Data block:
┌──

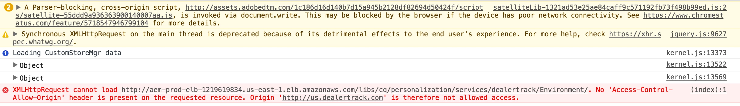 The first error isn't an error but a warning and is related to changes Google are making in Chrome to deprecate document.write calls. At present it shouldn't cause an issue unless a visitor visits your website on a slow connection mobile device but likely will impact more as Google further their plans to stop document.write usage. More information from Adobe on this is available from: https://marketing.adobe.com/resources/help/en_US/dtm/c_chrome_2G.html
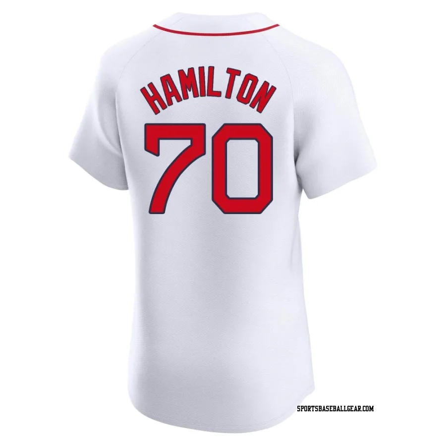 Get the David Hamilton Men's Boston Red Sox White Elite Home Jersey, showcasing the latest design and premium quality for dedicated fans. Elevate your baseball wardrobe now!
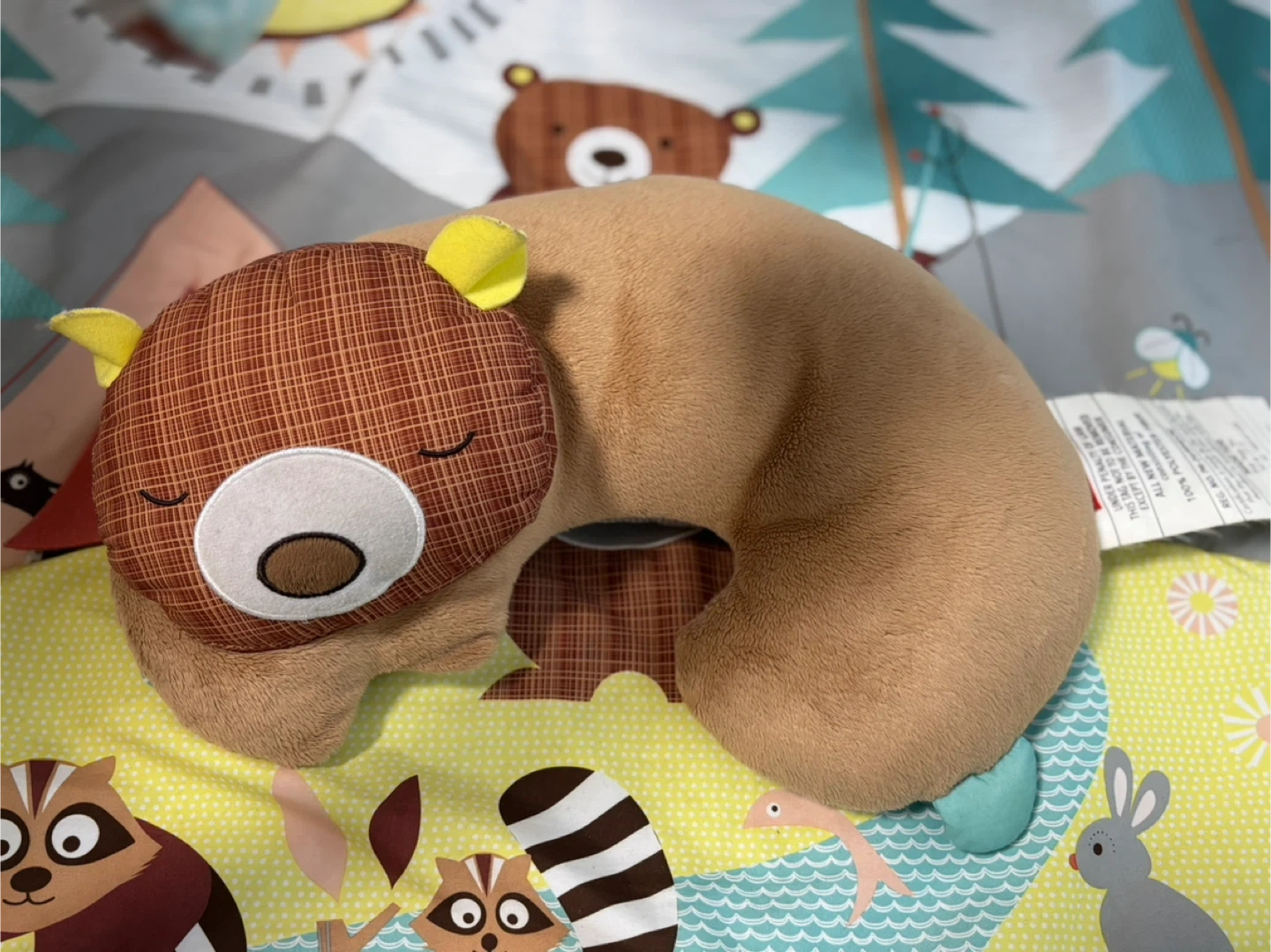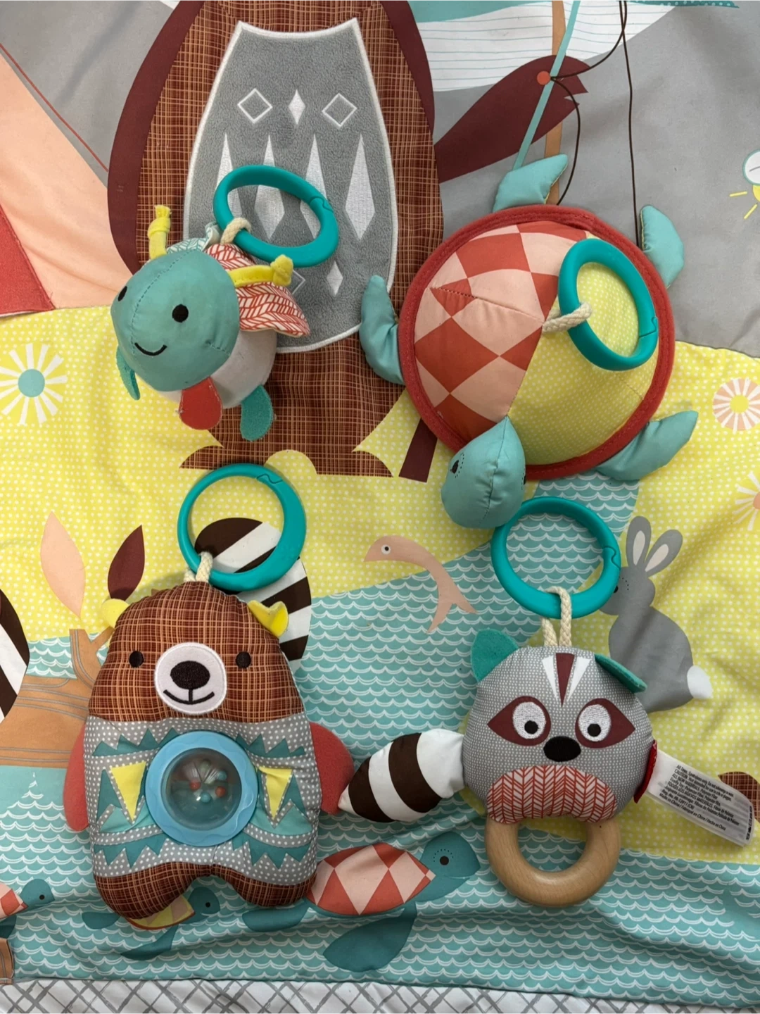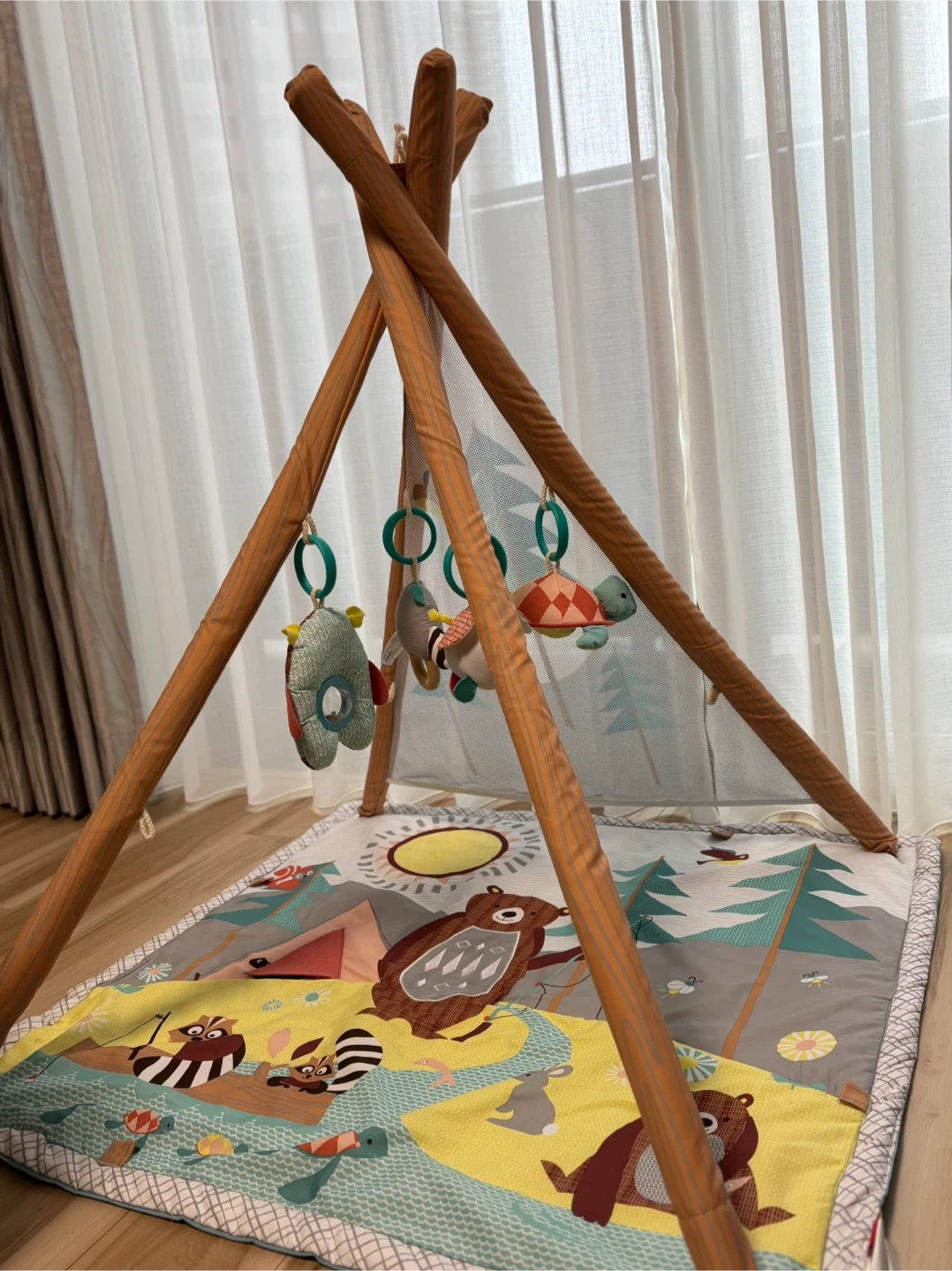 ⭐︎キャンピングカブ・アクティビティジム⭐︎ お子さまの成長に合わせて、ベビージムからプレイマットへ! おうちキャンプが楽しめるプレイジムは、ナチュラルテイストなお部屋にぴったり。クマのピローなど、おもちゃが5コ付属。プレイジムからプレイマットとして、おたんじょうから長くお使いいただけます。 ・自然の中でキャンプを楽しむ動物たちのマット カシャカシャ音の鳴る太陽を触ったりテントの扉を開いたり! ・楽しいしかけがいっぱい♪5つのおもちゃ -ふわふわクマさんのまくら -ビーズがカラカラ楽しいクマさん -歯固め付きのアライグマ -ミラー付きのカメさん -光りながら音楽が鳴るホタル(※音楽は不具合で初めから鳴らず、光りません) 本体サイズ(組立時):W87×D86×H90 クッション:W34×D22.5×H12cm(165g)1個入 カメ:W18×D18×H6cm(32g)1個入 ホタル:W12×D9.5×H11cm(59g)1個入 クマ:W15×D4×H15cm(40g)1個入 アライグマ:W14×D5×H12cm(33g)1個入 取付用リング:W6×D1.2×H6cm(7g)4個入 使用に伴う多少の汚れがありますが、まだまだお使いいただけます。 おもちゃは取外し可能ですので、ベビーカー等に付けて遊ぶことも出来ます。

└──

What the exercise asks: The output should hold only the lines from the one containing "Get the David" through the last line of the listing, reproduced exactly, pictures omitted.

Answer to the problem:
 Get the David Hamilton Men's Boston Red Sox White Elite Home Jersey, showcasing the latest design and premium quality for dedicated fans. Elevate your baseball wardrobe now!
 ⭐︎キャンピングカブ・アクティビティジム⭐︎ お子さまの成長に合わせて、ベビージムからプレイマットへ! おうちキャンプが楽しめるプレイジムは、ナチュラルテイストなお部屋にぴったり。クマのピローなど、おもちゃが5コ付属。プレイジムからプレイマットとして、おたんじょうから長くお使いいただけます。 ・自然の中でキャンプを楽しむ動物たちのマット カシャカシャ音の鳴る太陽を触ったりテントの扉を開いたり! ・楽しいしかけがいっぱい♪5つのおもちゃ -ふわふわクマさんのまくら -ビーズがカラカラ楽しいクマさん -歯固め付きのアライグマ -ミラー付きのカメさん -光りながら音楽が鳴るホタル(※音楽は不具合で初めから鳴らず、光りません) 本体サイズ(組立時):W87×D86×H90 クッション:W34×D22.5×H12cm(165g)1個入 カメ:W18×D18×H6cm(32g)1個入 ホタル:W12×D9.5×H11cm(59g)1個入 クマ:W15×D4×H15cm(40g)1個入 アライグマ:W14×D5×H12cm(33g)1個入 取付用リング:W6×D1.2×H6cm(7g)4個入 使用に伴う多少の汚れがありますが、まだまだお使いいただけます。 おもちゃは取外し可能ですので、ベビーカー等に付けて遊ぶことも出来ます。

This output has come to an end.